(Data extract)

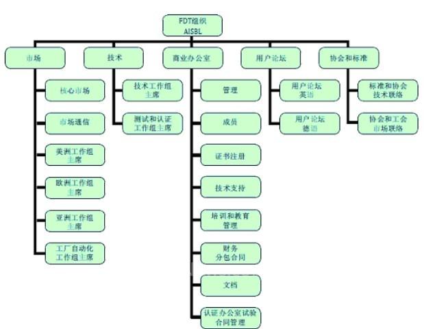 FDT组织是由国际上支持技术增值的公司组成的一个非盈利性的协会,2003年初由ABB、ENDRESS+HAUSER、Invensys、Mesto和西门子联合发起,2005年9月,注册成为“FDT组织”。FDT集团包括一个董事会(BoD),一个执行委员会(ExCOM)以及其他委员会(图1)。董事会由集团成员选举产生,执行委员会由董事会任命。工作组和项目组也是委员会的一部分,工作组是长期的机构。每个工作组都详细地定义了各自的任务和职责范围。工作组的领导对国际团队进行管理,工作组成员通过会议或电话会议进行交流。执行委员会可以指定特定技术项目(如特定协议)的项目组。项目组从属于工作组并且只在预定的项目结束日期之前存在。组织由会员大会选举出的理事会领导。理事会制定组织的战略,并指定执行委员会负责日常运行工作。
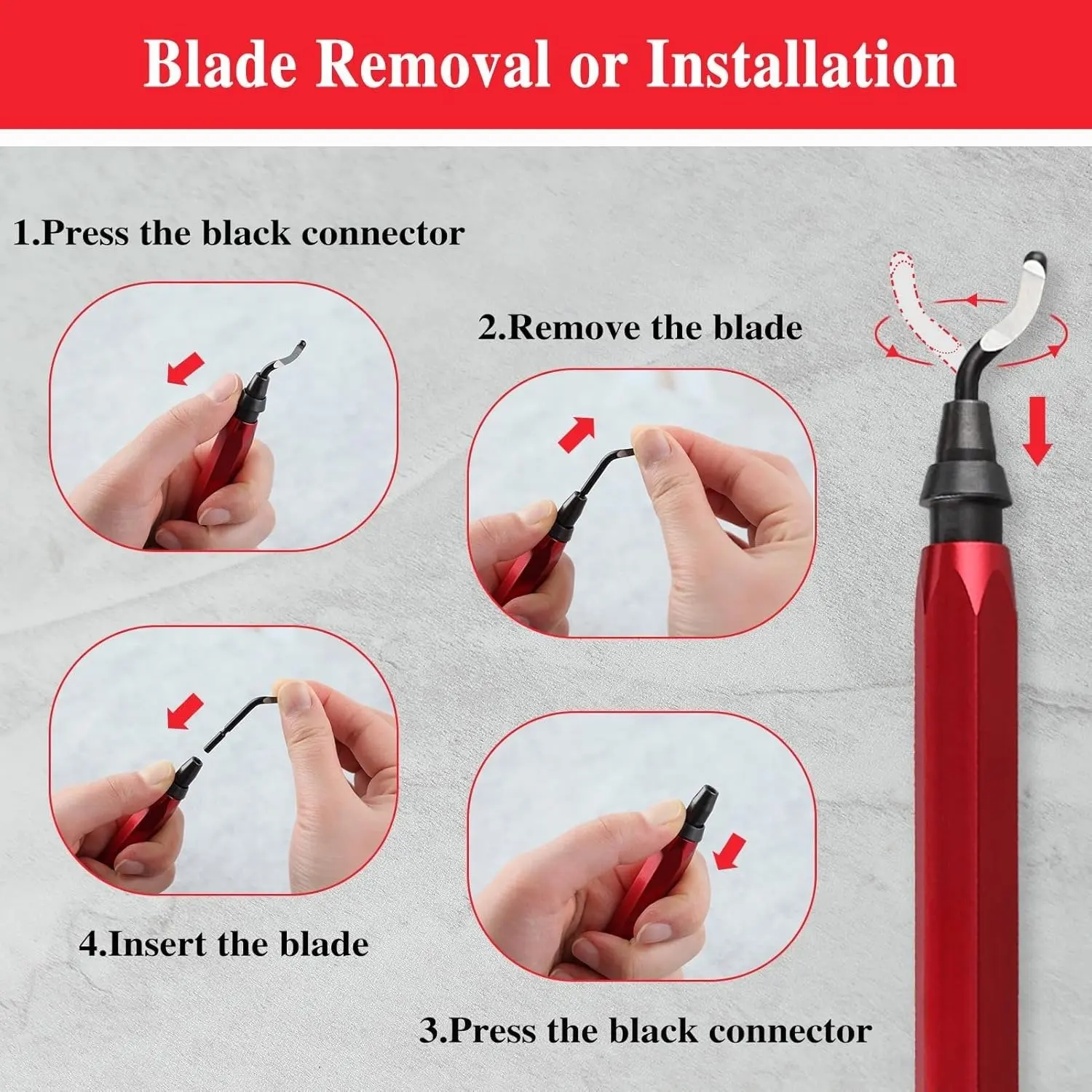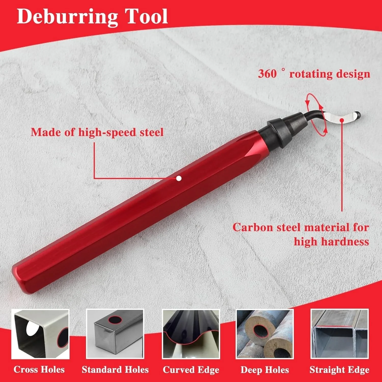 ערכת כלים להסרת שבבים עם ידית מתכת ו-21 להבים להסרת שבבים BS1010, כלי חיתוך קצוות להסרת שבבים עם ראש מסתובב 360 מעלות
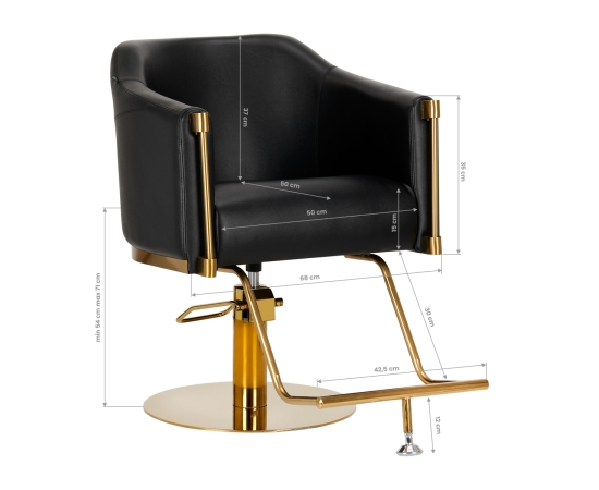 A durable hydraulic lift allows the height to be adjusted within 54-71 cm, even when the customer is sitting on the chair. This guarantees more ergonomic work, thanks to the ability to adjust the seat level to suit the height of both the client and the hairdresser. The properly profiled, rounded backrest allows to take a comfortable position, which is important especially for treatments lasting many hours. A significant plus is a chic footrest matched to this model, which provides stable support for the user's feet.
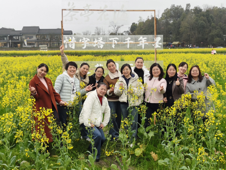 辞别千龙湖,一行人来到茶亭油菜花海。午后薄云漫卷,千亩鎏金菜花与清道光年间所建的惜字塔相映成画,这座五级花岗岩石塔为清光绪年间所建,塔顶遭雷击后,一株朴树破塔而生,塔树共生,成就了 “古塔奇树” 的人文与自然奇观。老师们漫步花间田埂,在古塔与古树的静默守望里,闻着淡淡花香,或驻足凝望,或轻声闲谈,为这一日的春日之旅,添上了悠远而宁静的注脚。
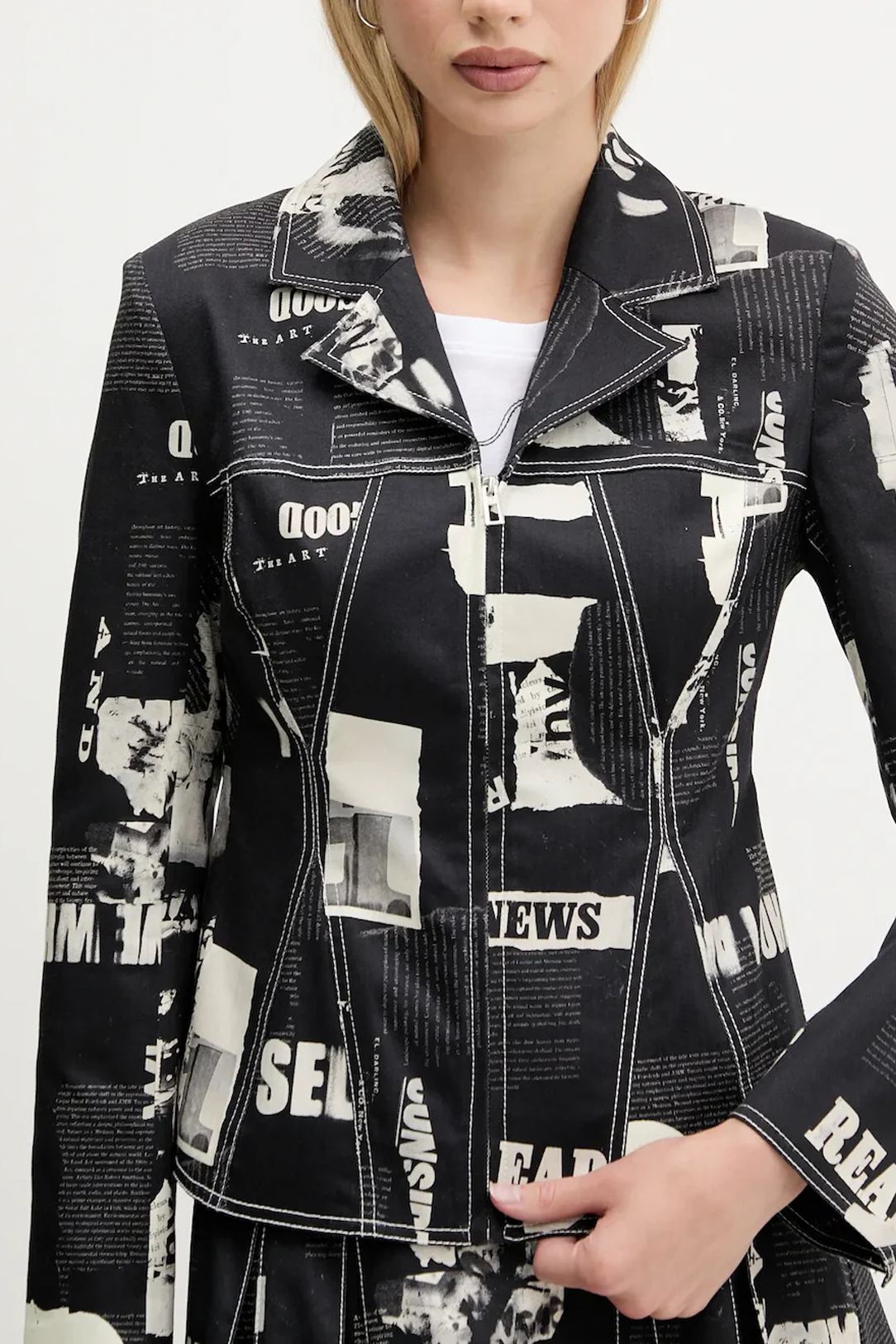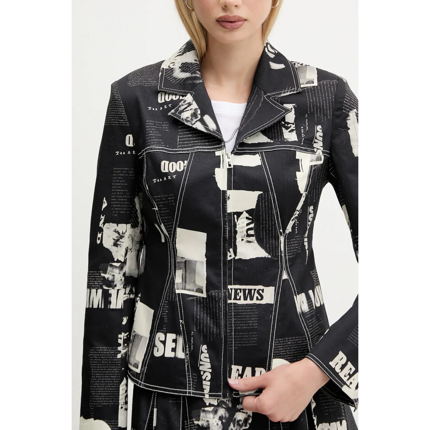 GIACCA SPORTIVA, NEWSPAPER, 2 TASCHE, SCOLLO A "V", DETTAGLI A CONTRASTO, ZIP, LOGO

(End Data extract)

◆ Task details ◆
Reproduce every line above exactly, pictures excluded.

◆ Answer space ◆
 FDT组织是由国际上支持技术增值的公司组成的一个非盈利性的协会,2003年初由ABB、ENDRESS+HAUSER、Invensys、Mesto和西门子联合发起,2005年9月,注册成为“FDT组织”。FDT集团包括一个董事会(BoD),一个执行委员会(ExCOM)以及其他委员会(图1)。董事会由集团成员选举产生,执行委员会由董事会任命。工作组和项目组也是委员会的一部分,工作组是长期的机构。每个工作组都详细地定义了各自的任务和职责范围。工作组的领导对国际团队进行管理,工作组成员通过会议或电话会议进行交流。执行委员会可以指定特定技术项目(如特定协议)的项目组。项目组从属于工作组并且只在预定的项目结束日期之前存在。组织由会员大会选举出的理事会领导。理事会制定组织的战略,并指定执行委员会负责日常运行工作。
 ערכת כלים להסרת שבבים עם ידית מתכת ו-21 להבים להסרת שבבים BS1010, כלי חיתוך קצוות להסרת שבבים עם ראש מסתובב 360 מעלות
 A durable hydraulic lift allows the height to be adjusted within 54-71 cm, even when the customer is sitting on the chair. This guarantees more ergonomic work, thanks to the ability to adjust the seat level to suit the height of both the client and the hairdresser. The properly profiled, rounded backrest allows to take a comfortable position, which is important especially for treatments lasting many hours. A significant plus is a chic footrest matched to this model, which provides stable support for the user's feet.
 辞别千龙湖,一行人来到茶亭油菜花海。午后薄云漫卷,千亩鎏金菜花与清道光年间所建的惜字塔相映成画,这座五级花岗岩石塔为清光绪年间所建,塔顶遭雷击后,一株朴树破塔而生,塔树共生,成就了 “古塔奇树” 的人文与自然奇观。老师们漫步花间田埂,在古塔与古树的静默守望里,闻着淡淡花香,或驻足凝望,或轻声闲谈,为这一日的春日之旅,添上了悠远而宁静的注脚。
 GIACCA SPORTIVA, NEWSPAPER, 2 TASCHE, SCOLLO A "V", DETTAGLI A CONTRASTO, ZIP, LOGO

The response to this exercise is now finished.